▶ _Task to carry out_
Output the line containing "由日喀則市文旅局主辦、日喀則" and each line after it through the end of the data, exactly as written, with pictures left out.

▶ _Information shown_
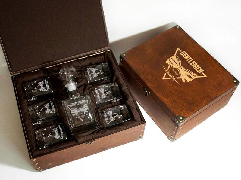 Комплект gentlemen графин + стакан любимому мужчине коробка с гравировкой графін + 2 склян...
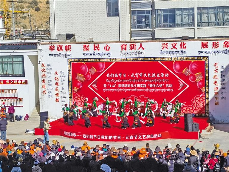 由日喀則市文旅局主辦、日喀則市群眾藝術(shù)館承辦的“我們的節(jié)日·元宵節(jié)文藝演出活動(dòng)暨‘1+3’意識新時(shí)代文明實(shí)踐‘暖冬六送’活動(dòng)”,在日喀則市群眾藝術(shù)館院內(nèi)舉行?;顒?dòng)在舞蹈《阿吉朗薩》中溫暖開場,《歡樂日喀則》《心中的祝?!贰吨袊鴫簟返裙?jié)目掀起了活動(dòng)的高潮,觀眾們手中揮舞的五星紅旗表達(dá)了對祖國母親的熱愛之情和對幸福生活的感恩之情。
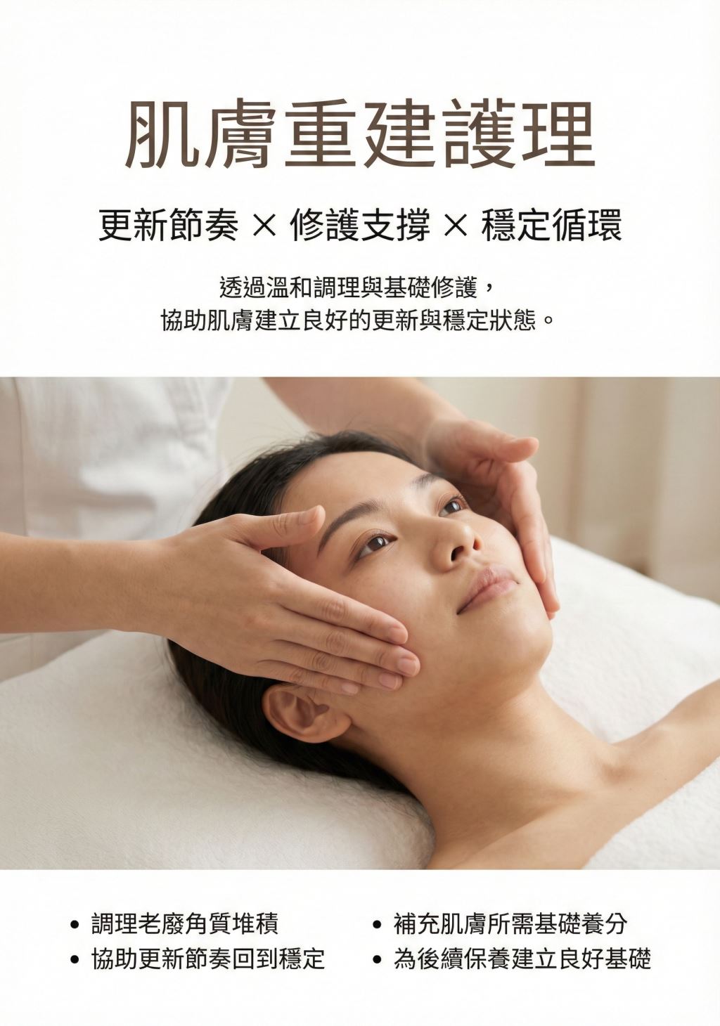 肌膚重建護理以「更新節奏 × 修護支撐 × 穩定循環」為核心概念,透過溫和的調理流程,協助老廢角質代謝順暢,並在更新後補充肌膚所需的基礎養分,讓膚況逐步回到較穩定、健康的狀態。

▶ _Exercise result_
 由日喀則市文旅局主辦、日喀則市群眾藝術(shù)館承辦的“我們的節(jié)日·元宵節(jié)文藝演出活動(dòng)暨‘1+3’意識新時(shí)代文明實(shí)踐‘暖冬六送’活動(dòng)”,在日喀則市群眾藝術(shù)館院內(nèi)舉行?;顒?dòng)在舞蹈《阿吉朗薩》中溫暖開場,《歡樂日喀則》《心中的祝?!贰吨袊鴫簟返裙?jié)目掀起了活動(dòng)的高潮,觀眾們手中揮舞的五星紅旗表達(dá)了對祖國母親的熱愛之情和對幸福生活的感恩之情。
 肌膚重建護理以「更新節奏 × 修護支撐 × 穩定循環」為核心概念,透過溫和的調理流程,協助老廢角質代謝順暢,並在更新後補充肌膚所需的基礎養分,讓膚況逐步回到較穩定、健康的狀態。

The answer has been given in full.